Benefits of Skim Milk

Choosing skim milk means you'll be getting all the same beneficial nutrients found in higher-fat milk, but with fewer calories. For example, a cup of skim milk contains just 90 calories, but whole milk provides 150 calories per cup. Therefore, if you're trying to shed pounds by reducing your calorie intake, choosing skim milk may be beneficial.

Benefits of Higher-Fat Milk

Whole milk may also provide you with substantial health benefits just like skim milk can. A study published in 2013 in the Scandinavian Journal of Primary Health Care found that dairy fat is associated with lower rates of abdominal obesity compared with lower dairy fat intakes. Another study published in 2014 in Nutrition Research also reports that whole-fat dairy foods significantly reduce the risk for obesity -- especially abdominal obesity.

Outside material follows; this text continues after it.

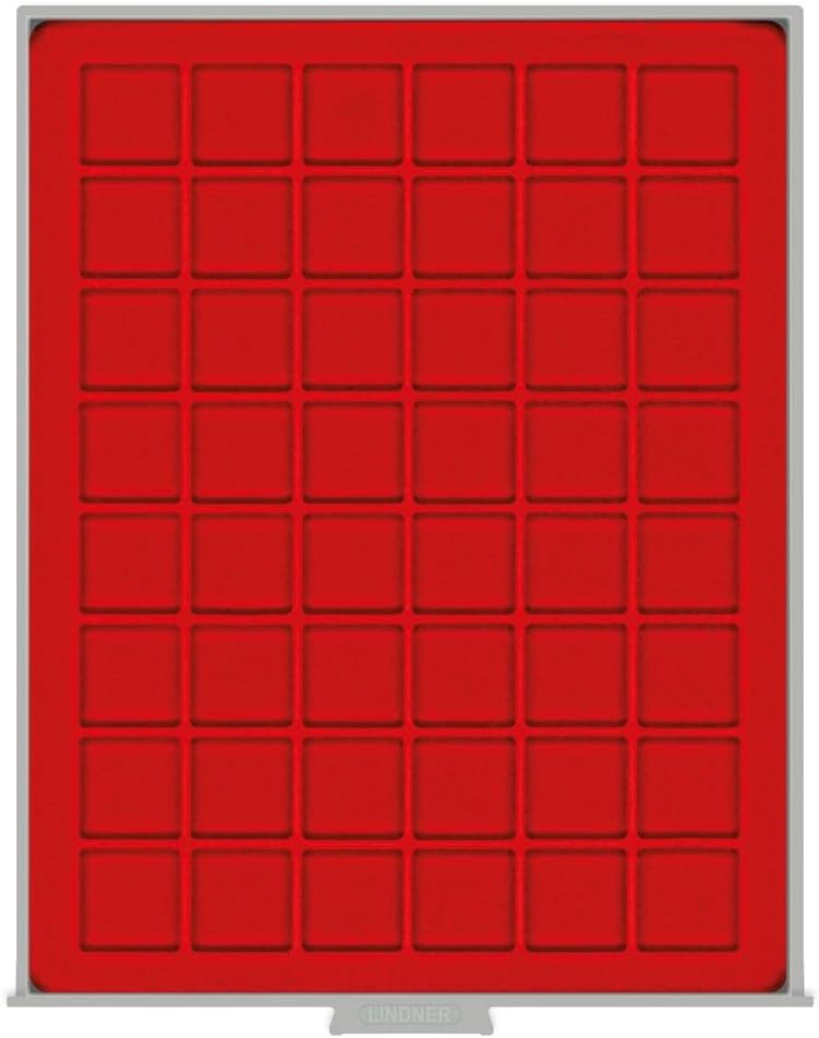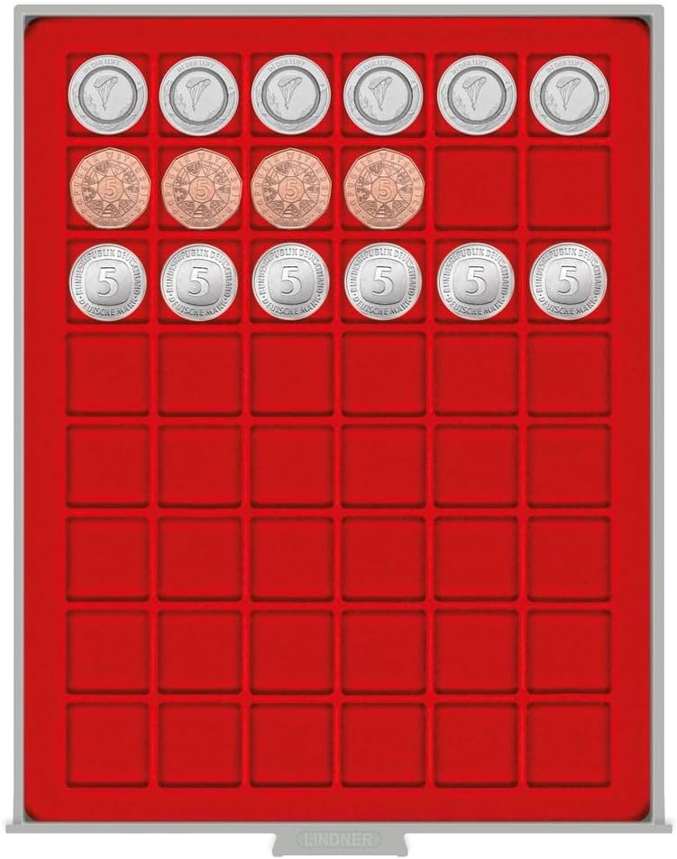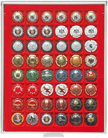 Cassetta portamonete con cassetto grigio chiaro e coperchio trasparente. Vassoio numismatico rosso brillante con 48 celle quadrate. Formato: Altezza 20 mm, Larghezza 236 mm, Profondità 303 mm. La parte superiore è ricoperta da un floccaggio di velluto rosso brillante di alta qualità. Adatto per monete/capsule fino a est. Ø. 30 mm e anche capsule di champagne.

Important Nutrients in Milk

Regardless of whether you choose skim, low-fat or whole milk, you'll reap nutritional benefits. All of these types of cows' milks are rich in vitamin D, vitamin A, calcium, phosphorous, riboflavin and vitamin B-12. While the fat in whole milk is primarily saturated fat, which is often associated with an increased risk for heart disease, a study published in 2014 in Current Nutrition Reports found that saturated fat from dairy foods doesn't appear to affect heart disease risks like other types of saturated fat.

Bottom Line

Skim and higher-fat milks all provide you with substantial health benefits, and one type of milk may not be better for you than another. Skim milk is lower in calories, but higher-fat milk doesn't increase your risk for obesity based on research findings. As long as you get about 3 servings of milk or other dairy foods in your diet daily, which is the recommendation from the Dietary Guidelines for Americans 2010, you'll reap health and nutritional benefits.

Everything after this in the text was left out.